The TechAmerica-backed report, "Government Technology Opportunity in the 21st Century," put together by a 31-member commission largely composed of federal IT industry execs and drawn from interviews with and collection of feedback from 105 IT industry execs, government officials and members of academia finds federal IT lagging and in need of reform.

"Many government workers are still using systems that are far less capable than those used by their counterparts in industry or those that they themselves use at home," the report says. "Citizen needs, the national interest and obligations to the taxpayer make finding ways to develop major IT projects more effectively an important priority."

The report finds that the government doesn’t treat program management as a key priority and that agencies under-staff program management capability in major projects. In response, the report recommends agencies assign dedicated, knowledgeable and empowered program managers to all major programs and create formal program manager career tracks. It also recommends the government create a program management leadership academy, share best practices on a lessons learned portal, and take other related steps.

“Strong program managers have overcome poor requirements, aggressive milestones, limited resources and constrained processes to deliver mission capability, while processes have not been able to over-compensate for a poor program manager with clear requirements and sufficient resources,” one interviewee told the report authors.

The report also said that government should establish independent risk analysis roles for every major acquisition in order to help establish and manage against cost, schedule and performance risks for big projects.

Agile development is new to most parts of government. For example, the FBI had little organizational experience with the methodology before recently announcing its intention to transition its struggling Sentinel case management program to agile.
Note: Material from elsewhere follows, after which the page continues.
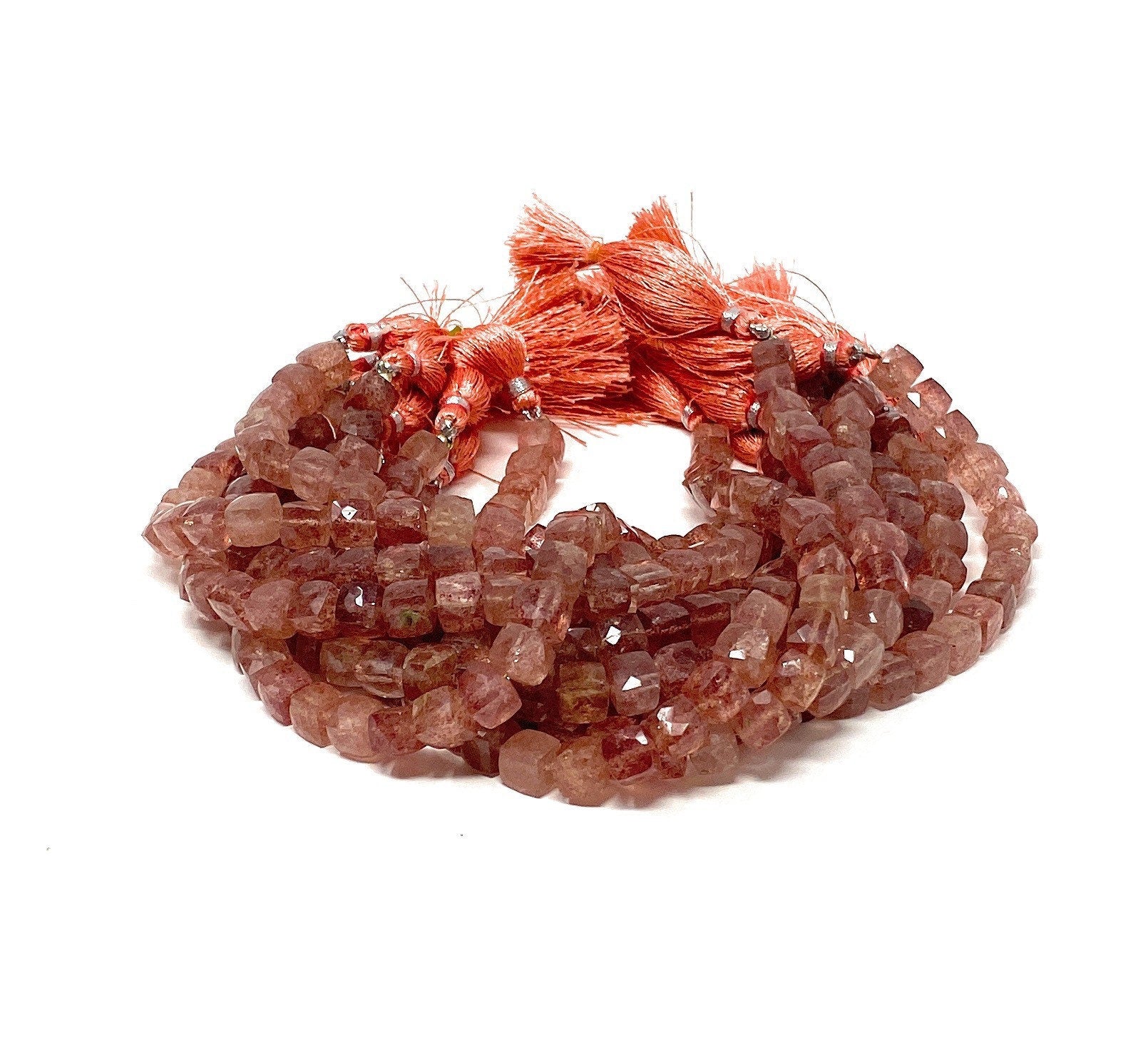 Natural Strawberry Quartz Gemstone Faceted Cube Shape Beads Jewelry Supplies for Jewelry Making at Wholesale Price.

However, the report claims, such moves may hold great benefit in terms of speed and efficiency.

The report recommends a number of steps to bolster the government's agile chops, including publishing a common definition of agile development, modifying the annual Exhibit 300 capital planning process to promote incremental reviews, contracting with agile development in mind and developing and sharing best practices.

The most industry-friendly of the recommendations echoes concerns heard across the industry that today's acquisition process discourages dialogue between industry and government and says that obstacles to meeting that need can be overcome by taking a number of steps.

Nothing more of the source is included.